Early-childhood centers should allocate a generous sum for a playground. On average, the cost of a playground is $100,000 to 200,000. Soft surfaces, such as shredded rubber, are recommended to guard against injuries from falls.
Because every school is part of a neighborhood, it should be designed to blend with the surrounding area. A residential image usually is preferable, with buildings no more than two stories high. Sloped, shingled roofs with brick exteriors have been found to work well. Light colors, with primary color accents, give the structure a warm, inviting look. The parking area should be convenient and provide space for about 100 cars in a 400-student school.
Young children often cannot find their way around a new facility, so moving about the building should be simplified. Few preschool youngsters are able to read, so signage must be handled creatively. Colors and graphics can make each area distinctive and easily recognizable. For example, a computer lab might be named “mission control” and illustrated with a space-age graphic. Signs should be placed at heights suitable for both adults and children.
Moxley is senior project manager for URS Corporation in Grand Rapids, Mich.
Prototype design in Detroit
The Detroit school system used a prototype design that would be applied to six early-childhood centers to accommodate a program to expand early-childhood-education opportunities. The schools house pre-K, kindergarten, second and third grades, and are adjacent to elementary schools with which they share common facilities such as gymnasiums and media centers.
The buildings are identical: two stories high, 44,000 square feet, containing 21 classrooms. The physical environment of each school is designed to facilitate learning while being flexible enough to accommodate different educational needs and methods of teaching.

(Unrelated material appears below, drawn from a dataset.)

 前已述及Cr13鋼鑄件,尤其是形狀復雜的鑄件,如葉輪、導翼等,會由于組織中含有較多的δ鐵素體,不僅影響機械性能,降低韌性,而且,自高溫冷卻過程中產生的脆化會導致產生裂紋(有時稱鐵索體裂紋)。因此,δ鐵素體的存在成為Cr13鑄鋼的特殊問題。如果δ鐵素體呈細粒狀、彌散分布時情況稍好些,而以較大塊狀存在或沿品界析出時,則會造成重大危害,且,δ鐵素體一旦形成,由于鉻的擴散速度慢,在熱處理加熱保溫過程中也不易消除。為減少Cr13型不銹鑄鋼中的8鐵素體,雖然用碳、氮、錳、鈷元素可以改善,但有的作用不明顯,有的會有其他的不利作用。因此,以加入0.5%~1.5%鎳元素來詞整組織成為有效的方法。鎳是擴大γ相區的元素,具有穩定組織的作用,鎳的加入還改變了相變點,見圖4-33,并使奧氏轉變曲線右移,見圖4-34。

Pre-K and kindergarten classrooms, all on the first floor, are 1,200 square feet, with two toilet rooms and a storage room. Coats are stored in cubbies. Second- and third-grade rooms, on the second floor, are 850 square feet, with cubbies for storing coats. Toilet rooms are at the end of the hallway.
Floor-to-ceiling, wall-to-wall windows and translucent panels create classrooms that are light and airy while conveying a sense of spaciousness. Fluorescent uplighting is used in all classrooms. Photo sensors turn off the lights above the perimeter zone if natural light is bright enough.